■ REQUIRED ACTION: Drop the pictures; give again exactly the lines from the one holding "近日,由邯鄲市委宣傳部、市文" through the end of the data.

■ EXERCISE DATA:

........

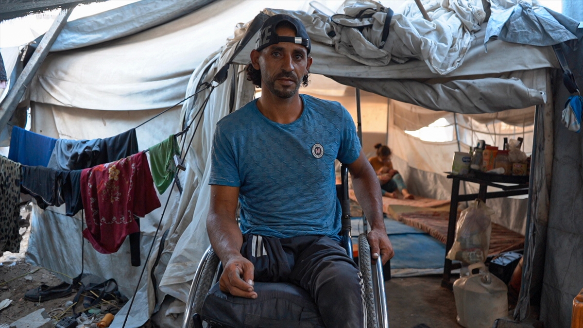 İsrail'in 2014 yılında Gazze'ye düzenlediği saldırılarda iki bacağını da kaybeden 37 yaşındaki İbrahim Abduddayim ölüm tehlikesine rağmen çocuklarının karnını doyurmak için tekerlekli sandalyesiyle ABD-İsrail güdümündeki sözde insani yardım dağıtım noktasına gitmek zorunda kalıyor.
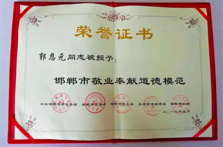 近日,由邯鄲市委宣傳部、市文明辦、市總工會(huì)、團(tuán)市委、市婦聯(lián)聯(lián)合舉辦的“邯鄲市第七屆道德模范頒獎(jiǎng)典禮暨2019年度新時(shí)代好少年先進(jìn)事跡發(fā)布會(huì)”,在市廣播電視臺(tái)演播大廳舉行。會(huì)議表彰了對(duì)推進(jìn)全市精神文明建設(shè)做出突出貢獻(xiàn)的企事業(yè)單位和個(gè)人,全國(guó)十大杰出企業(yè)家、全國(guó)鋼鐵工業(yè)勞動(dòng)模范、普陽(yáng)鋼鐵集團(tuán)黨委書(shū)記、董事長(zhǎng)郭恩元榮獲“邯鄲市敬業(yè)奉獻(xiàn)道德模范”榮譽(yù)稱號(hào)。
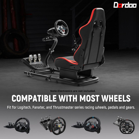Dardoo Racing Simulator Cockpit With Red Seat Fit Logitech G29 G920 Thrustmaster T300R, Not include Wheel Shifter and Pedal

........

■ OUTPUT OF THE EXERCISE:
 近日,由邯鄲市委宣傳部、市文明辦、市總工會(huì)、團(tuán)市委、市婦聯(lián)聯(lián)合舉辦的“邯鄲市第七屆道德模范頒獎(jiǎng)典禮暨2019年度新時(shí)代好少年先進(jìn)事跡發(fā)布會(huì)”,在市廣播電視臺(tái)演播大廳舉行。會(huì)議表彰了對(duì)推進(jìn)全市精神文明建設(shè)做出突出貢獻(xiàn)的企事業(yè)單位和個(gè)人,全國(guó)十大杰出企業(yè)家、全國(guó)鋼鐵工業(yè)勞動(dòng)模范、普陽(yáng)鋼鐵集團(tuán)黨委書(shū)記、董事長(zhǎng)郭恩元榮獲“邯鄲市敬業(yè)奉獻(xiàn)道德模范”榮譽(yù)稱號(hào)。
Dardoo Racing Simulator Cockpit With Red Seat Fit Logitech G29 G920 Thrustmaster T300R, Not include Wheel Shifter and Pedal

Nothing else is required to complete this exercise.